> _WHAT YOU NEED TO DO_:
A faithful copy is required: retype the records from their first line through the line with "Camisa sin manga", and omit the pictures.

== DATA FOR ANALYSIS ==

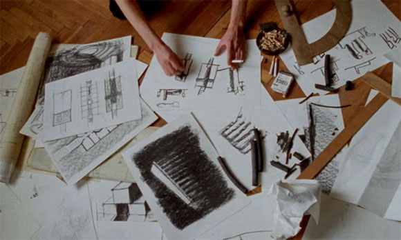 Lastly, if the actor, Adrien Brody, is going to use architect’s drafting tools, he should use them correctly, holding them, drawing with them. It’s like watching a movie where the assassin holds his gun upside down. And I don’t know many colleagues that draw with fat sticks of black charcoal. Artistic-looking on screen, yes, but practical?
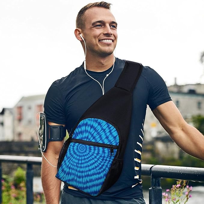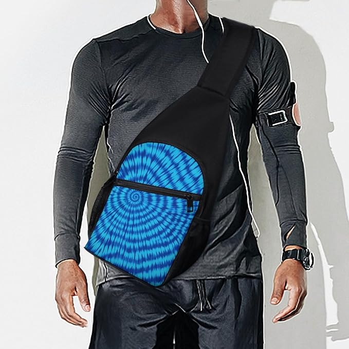 SWEET TANG Womens Fashion Gym Bags Anti Theft Crossbody Shoulder Chest Bag with Small Pocket, Multipurpose Daypack Bag for Cycling Traveling Hiking, Trippy Blue Tie Dye
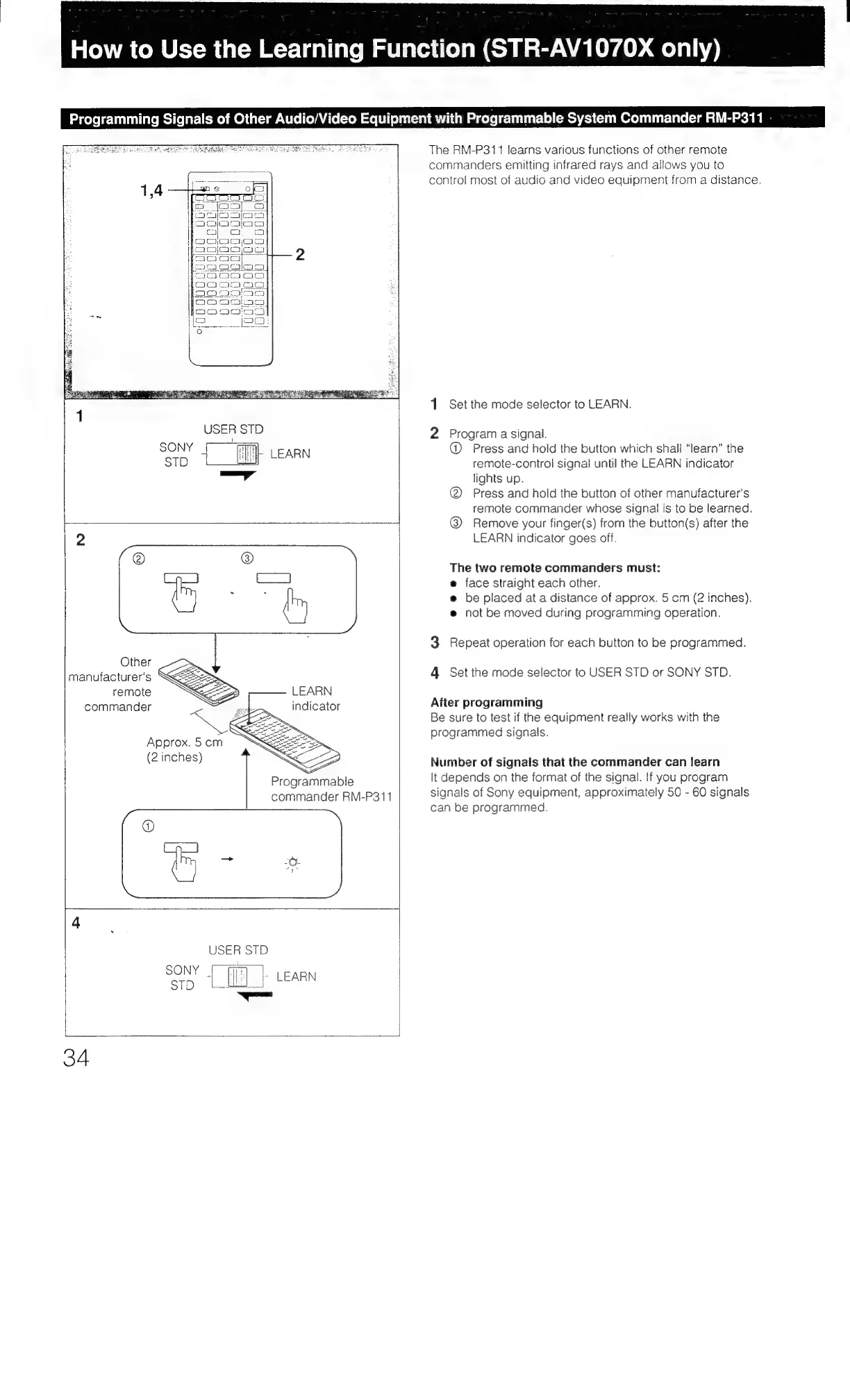 Sony STR-AV1070X - Using the Learning Function (STR-AV1070 X only); Programming Remote Signals
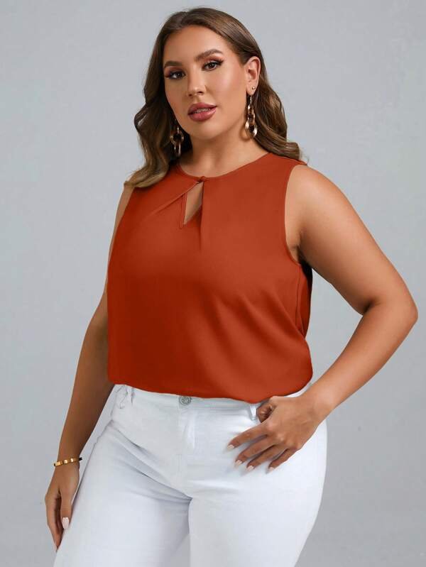 Camisa sin manga de cuello con abertura de ojo unicolor
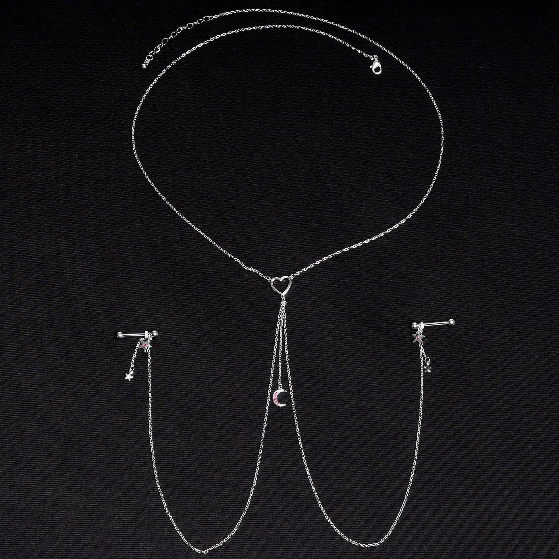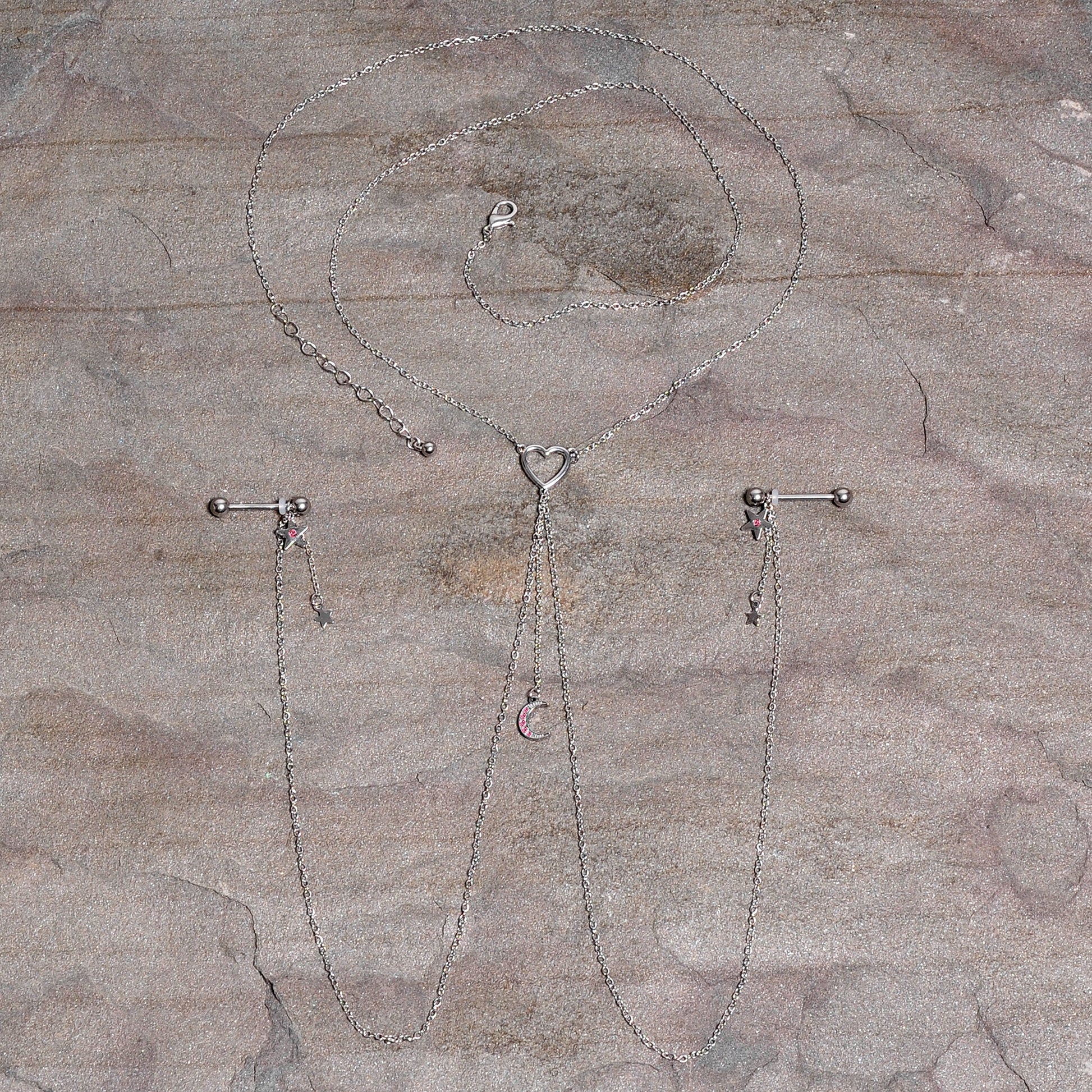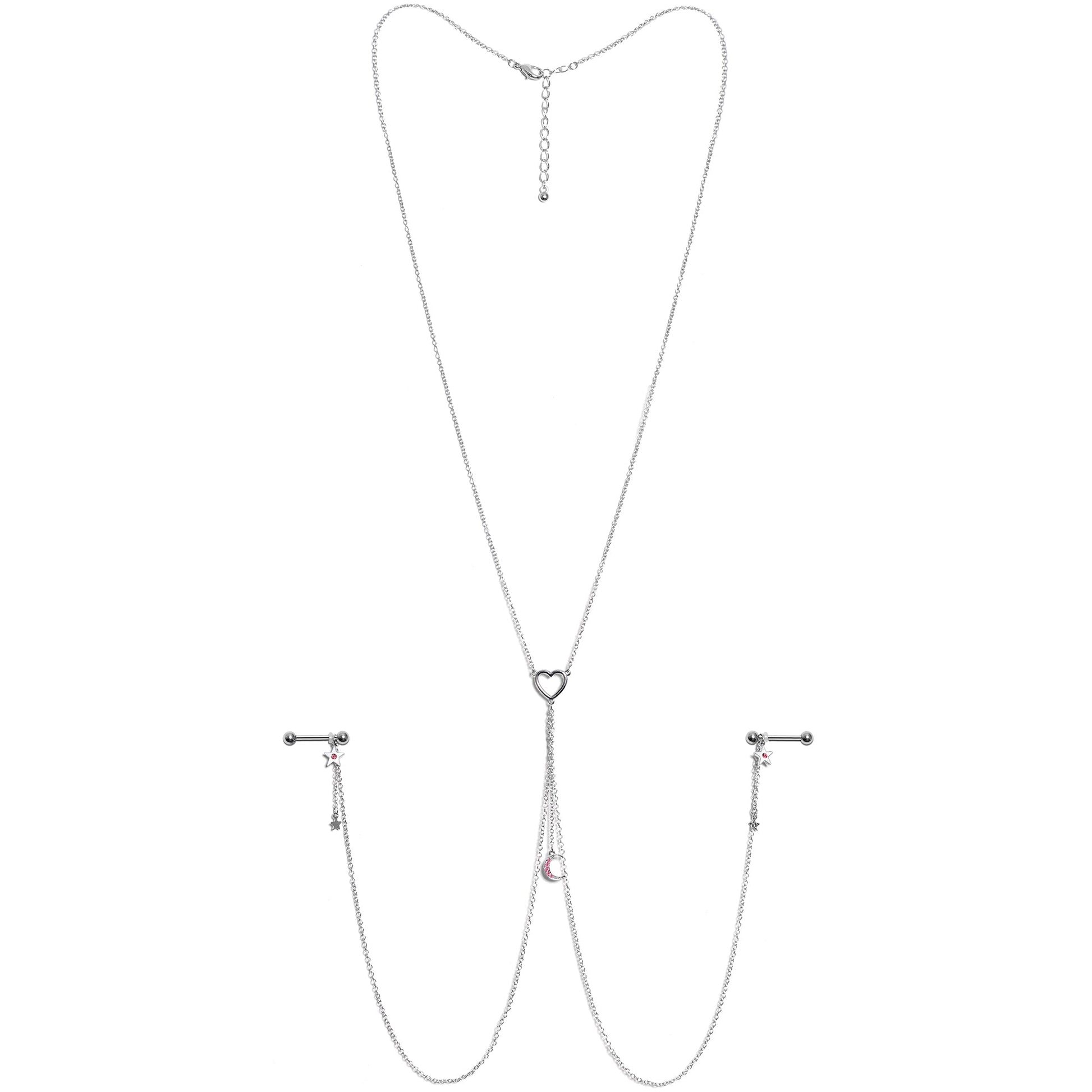 You're going to love this nipple chain necklace to the stars and back! It features a 14" maximum necklace that has an openwork heart at the center. The heart has three lengths of matching chain dangling from it. The center one is 2" in length and supports gorgeous crescent moon charm that's set with pink gems. The other two chains are 12" and connect to the 16mm durable 316L surgical grade stainless steel straight barbells with 5mm ball ends. Dangling from the barbells are star charms with pink gems set at the center and tiny unadorned star charms than dangle from a 1" length of chain. With this stunning necklace nipple chain, your piercings are sure to be stars!Specifications
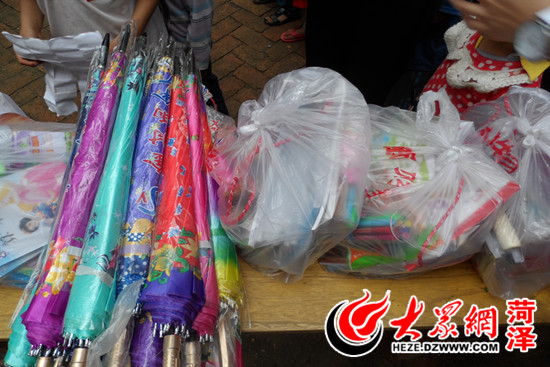 禮物很豐富,包括雨傘、水壺、跳繩、橡皮泥、字帖、水彩筆等

===

> _RESULT_:
 Lastly, if the actor, Adrien Brody, is going to use architect’s drafting tools, he should use them correctly, holding them, drawing with them. It’s like watching a movie where the assassin holds his gun upside down. And I don’t know many colleagues that draw with fat sticks of black charcoal. Artistic-looking on screen, yes, but practical?
 SWEET TANG Womens Fashion Gym Bags Anti Theft Crossbody Shoulder Chest Bag with Small Pocket, Multipurpose Daypack Bag for Cycling Traveling Hiking, Trippy Blue Tie Dye
 Sony STR-AV1070X - Using the Learning Function (STR-AV1070 X only); Programming Remote Signals
 Camisa sin manga de cuello con abertura de ojo unicolor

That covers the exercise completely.